« Personne n’est irremplaçable » : la phrase qui plombe l'engagement de vos équipes
17 mai 2022
7min
Autrice, consultante et conférencière sur le futur du travail, spécialiste de la productivité, de l’âge et du travail des femmes
En entreprise, certaines phrases peuvent prêter à confusion. Parmi elles, la fameuse « Personne n’est irremplaçable ». Entre la volonté de valoriser la singularité d’un profil ou, au contraire, d’adresser une menace non dissimulée rimant avec un « La porte est ici », il y a comme qui dirait un monde. Mais même animée des meilleures intentions, cette expression est-elle souhaitable en entreprise ? Ne se révèle-t-elle pas mensongère, voire pire, dangereuse pour les individus comme les organisations ? Décryptage.
Qui a envie de s’entendre dire qu’il·elle n’est « pas irremplaçable » ? Dans notre culture occidentale, nous sommes nombreux à avoir été biberonné·e·s à l’individualisme depuis tout petits et sommes convaincu·e·s qu’il est essentiel de trouver, puis d’exprimer son unicité. Rétifs aux contraintes imposées par les organisations, nous aspirons à nous libérer des carcans du monde du travail d’hier pour mieux tracer notre chemin singulier aujourd’hui. En somme, nous rêvons de laisser une trace sur Terre en étant irremplaçables au travail comme dans nos vies privées.
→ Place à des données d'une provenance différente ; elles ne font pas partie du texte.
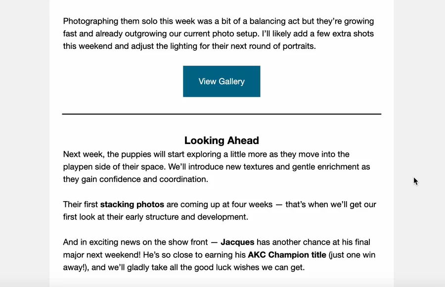 Together, you’ll choose the puppy that’s right for you, stay in touch with regular updates, and plan how to bring your new puppy home.

Quand un·e manager dit à l’un de ses collaborateurs que « personne n’est irremplaçable », il est probable qu’il·elle veuille forcer la soumission et imposer une contrainte ou charge de travail supplémentaire. « Si tu n’es pas content, il y en a dix autres pour prendre ta place. » C’est une manière d’insinuer que le rapport de force n’est pas favorable au travailleur. Il n’est donc guère surprenant que les salarié·e·s l’interprètent comme une menace. On ne semble pas valoriser leur singularité, ni la qualité de leur travail et on insinue qu’on ira chercher une autre personne plus docile s’ils·elles ne se plient pas à ce qu’on leur demande.
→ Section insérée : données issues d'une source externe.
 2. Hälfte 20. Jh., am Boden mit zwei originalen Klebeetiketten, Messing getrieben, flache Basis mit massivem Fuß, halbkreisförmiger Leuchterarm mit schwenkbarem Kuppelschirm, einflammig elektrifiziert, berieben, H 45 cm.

Tout cela fait partie du rapport de force inhérent au lien de subordination. Le salaire, la charge de travail, la réactivité et la docilité sont négociés au quotidien, parfois inconsciemment et insidieusement. Mais il existe quantité de pressions psychologiques que les travailleurs s’infligent à eux-mêmes pour travailler davantage. La course à la singularité en est certainement une. À chercher l’irremplaçabilité, on peut même se tuer à la tâche ! N’est-il pas également dangereux d’être irremplaçable au travail ? N’est-ce pas le meilleur moyen de s’infliger un burn-out ? À l’aune du surtravail et de la connexion permanente, il existe plusieurs manières de dire et d’entendre la phrase : « Personne n’est irremplaçable ».
Le taylorisme ou la recherche historique de « la remplaçabilité »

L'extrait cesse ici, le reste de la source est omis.